● SUPPLIED RECORDS
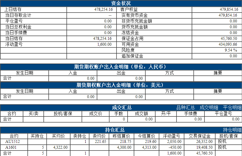 昨日权益:480054.16元 今日权益:479854.16元 以下表格为最近一个交易日的资金、成交、持仓情况,若需看之前的,请点击分页 阿超投资账户8月7日资金权益 以上数据来源于保证金监控中心 责任编辑:李婷 |
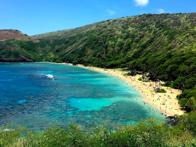 Hanauma Bay es sin duda uno de los sitios más impresionantes que he visto. Es una reserva natural, hay que pagar para entrar, creo recordar que eran unos 7 dólares por persona. Es una playa que se formó en un cráter de un volcán extinto. La playa es espectacular, con muchísima vegetación y arrecifes de coral, con miles de peces. Aprovechamos para hacer snorkel, y yo me quedé alucinada de todos los peces que vimos, aunque no os voy a mentir, como nos dijeron que había morenas estaba acojonada que me persiguiera una cual la Sirenita. Pasamos el día allí, disfrutando de la naturaleza, de pasear, de nadar en esas aguas cristalinas. Merece mucho la pena visitarlo, de verdad.
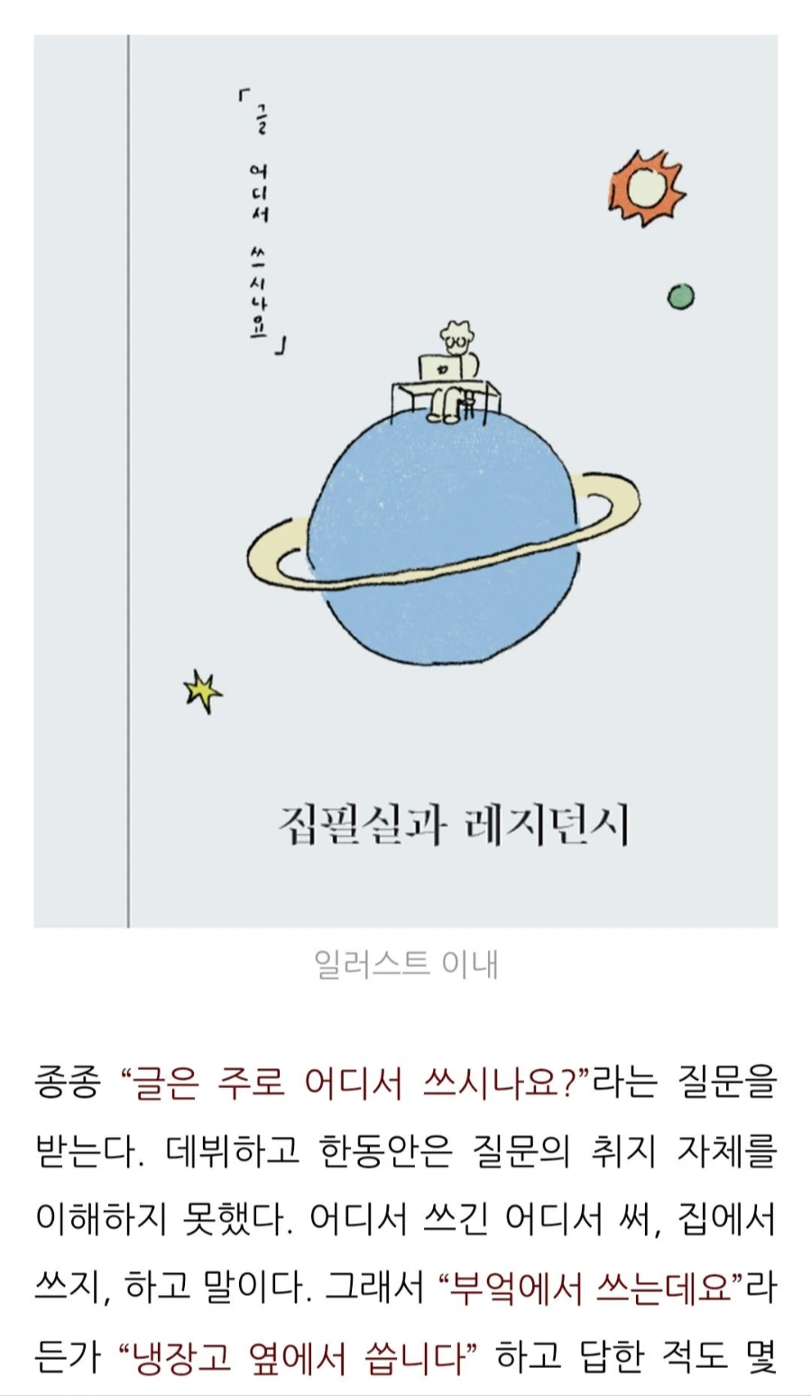 그러던 차에 채널예스에서 이 글을 발견하였다. 부엌에서 혹은 냉장고 옆에서 글을 쓴다고 하는 장강명 작가
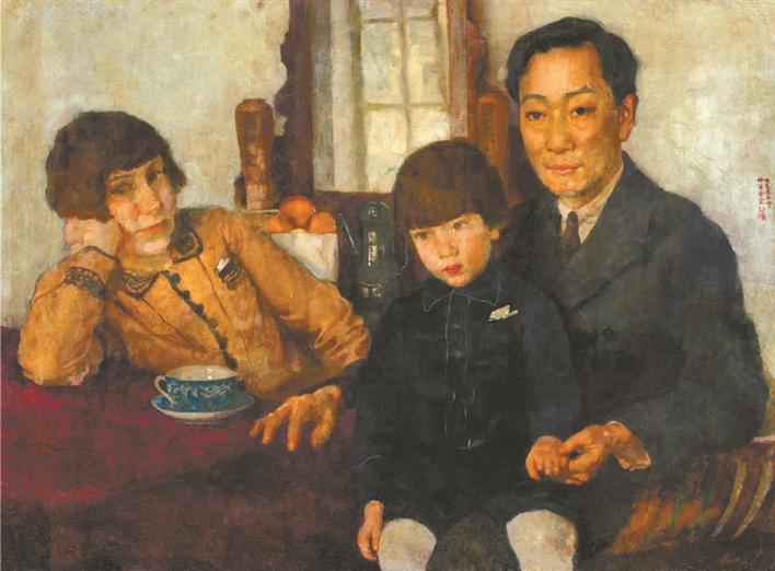 《楊仲子全家?!芬彩俏χ?,它以沉靜之態(tài)吸引觀眾駐足,忍不住與畫中人對視。這是徐悲鴻的佳作,畫的是好友楊仲子一家。楊仲子是中國最早留學歐洲研習西方音樂的先驅(qū),回國后傳授西方音樂,創(chuàng)建并推進中國音樂教育教學體制,倡導改進并推動民族音樂發(fā)展。這件創(chuàng)作于1928年冬天的作品,徐悲鴻畫出了楊仲子和妻子、孩子閑適的狀態(tài)。畫中三人神態(tài)各異,在藝術(shù)家的傳情畫筆下,觀眾似能看到他們恬淡表情之后的情緒。
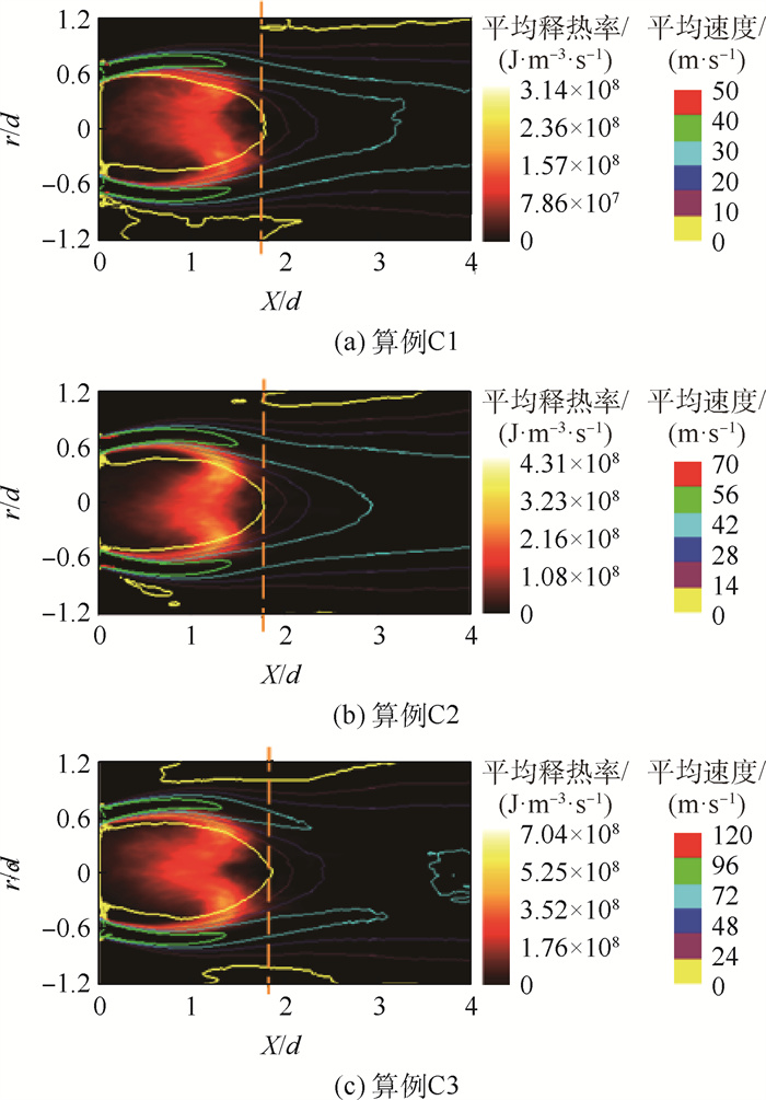 针对锥形钝体稳定的甲烷-空气预混湍流火焰复杂的熄火过程,采用大涡模拟(LES)与输运方程概率密度函数(TPDF)湍流燃烧模型相结合的模拟方法,研究远离熄火、近熄火及熄火点的火焰和释热率(HRR)数值变化情况,定量分析熄火判据。结果表明:冷态速度模拟结果和实验的相对均方根误差在10%以内,热态误差在20%以内;释热率是否出现在OH和CH2O重叠的区域,是判断熄火的一个重要参数;远离熄火时,释热率高的区域主要沿内侧剪切层出现;近熄火工况下,释热率在流向轴上闭合,回流区下游也出现较大的释热率;熄火点工况下,较大释热率的区域在回流区下游和上游均有出现;模拟预测的熄火情况和实验PLIF结果一致;平均释热率可作为判断熄火的定量依据,即当钝体后方0.2d处内侧剪切层平均释热率与回流区平均释热率的比值小于4时,发生熄火。
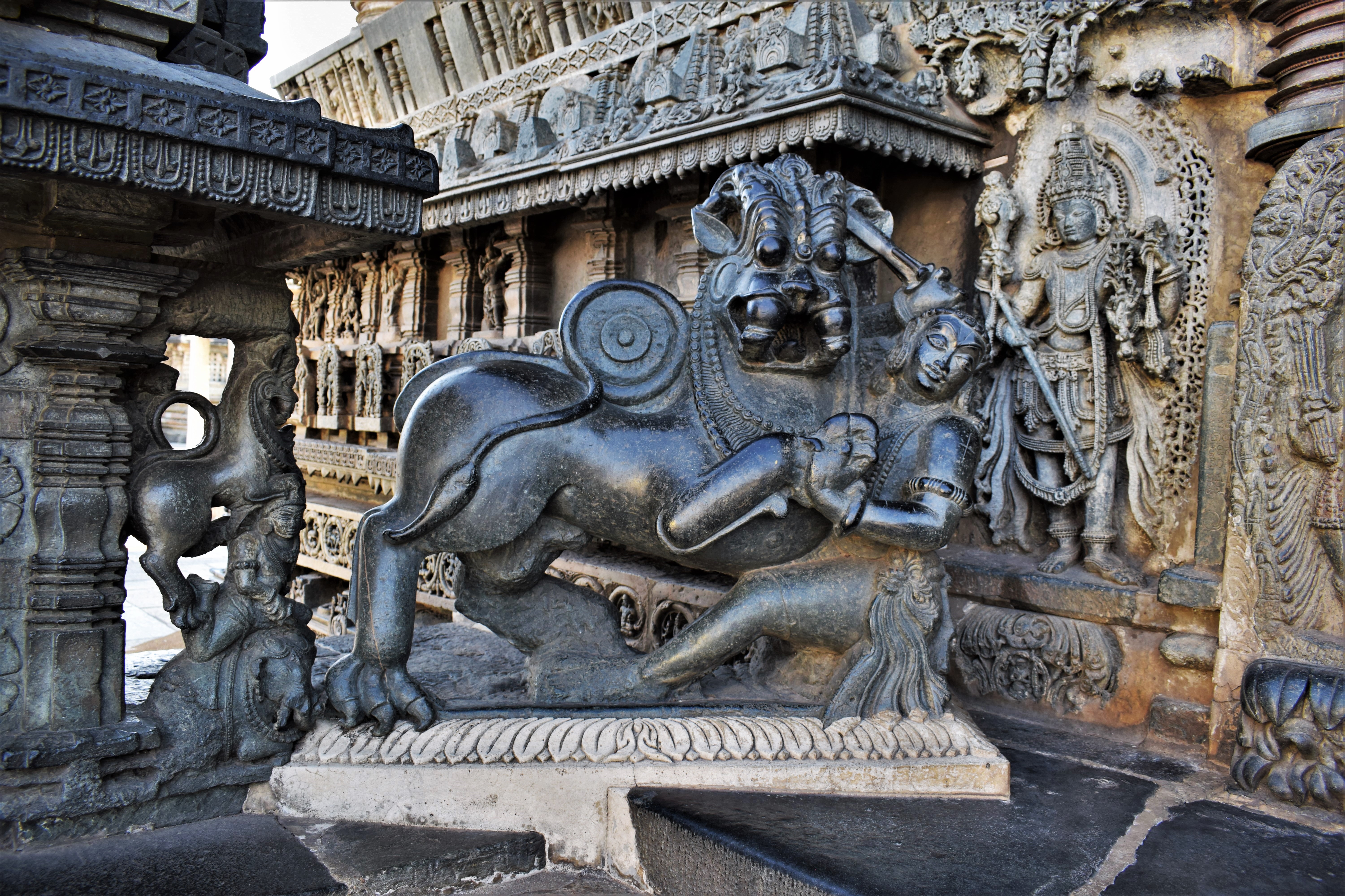 Chennakeshava temple, Beluru, Hoysala symbol of a man named Sala slaying a lion, to the left of the main door Public Deposited
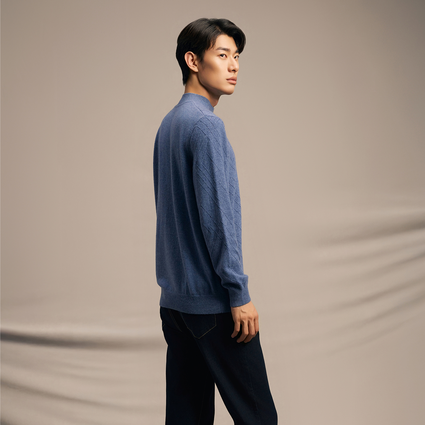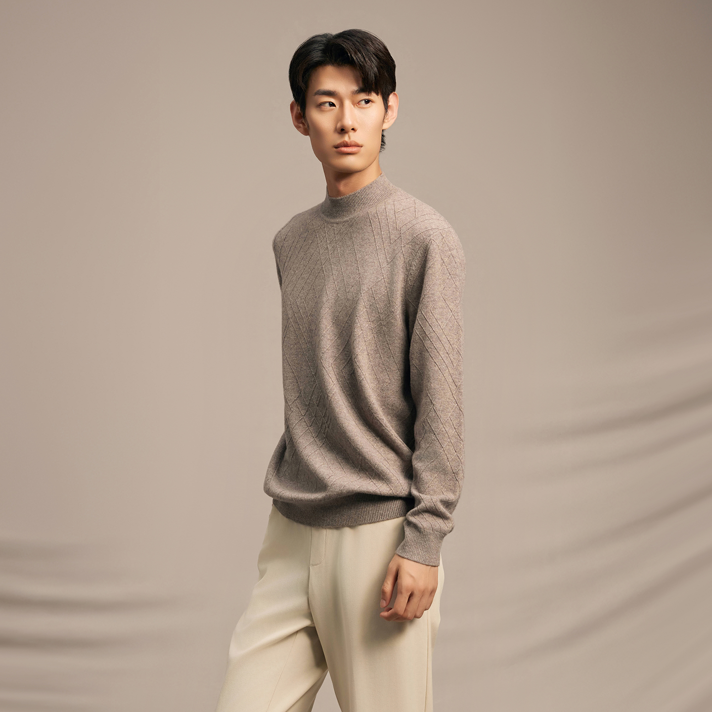 淘冬季新款100%纯山羊绒衫男士半高领马鞍肩宽松打底针织衫毛衣男款
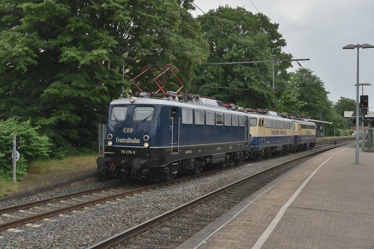 Vor dem HPo zeigenden Ausfahrtsignal von Gleis 1 des Rheydter Hbf steht ein Lokzug der CBB am Mittwoch den 30.5.2018. Vorne am Zug ist die 110 278-9, dann die 110 363 und am Zugschluß ist die 1042 520 angehängt. Andreas Strobel
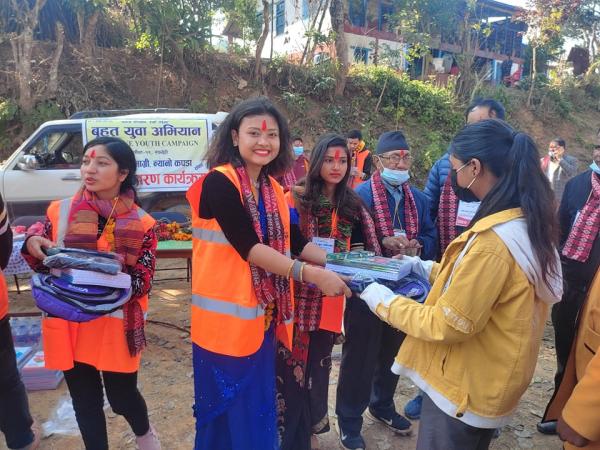 खिदिमका ६० जना विपन्न विद्यार्थीहरुलाई बृहत युवा अभियानद्वारा न्यानो कपडा तथा शैक्षिक सामाग्रीहरु वितरण
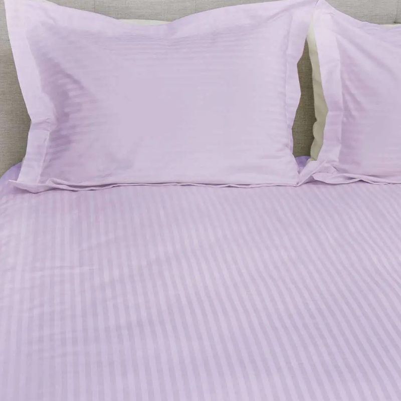 Satiinist voodipesukomplekt triibuline lilla

● TASK GOAL
Write out again, exactly, each line from the one with "खिदिमका ६० जना" to the end of the entries. No pictures go in.

● RESULT BELOW
 खिदिमका ६० जना विपन्न विद्यार्थीहरुलाई बृहत युवा अभियानद्वारा न्यानो कपडा तथा शैक्षिक सामाग्रीहरु वितरण
 Satiinist voodipesukomplekt triibuline lilla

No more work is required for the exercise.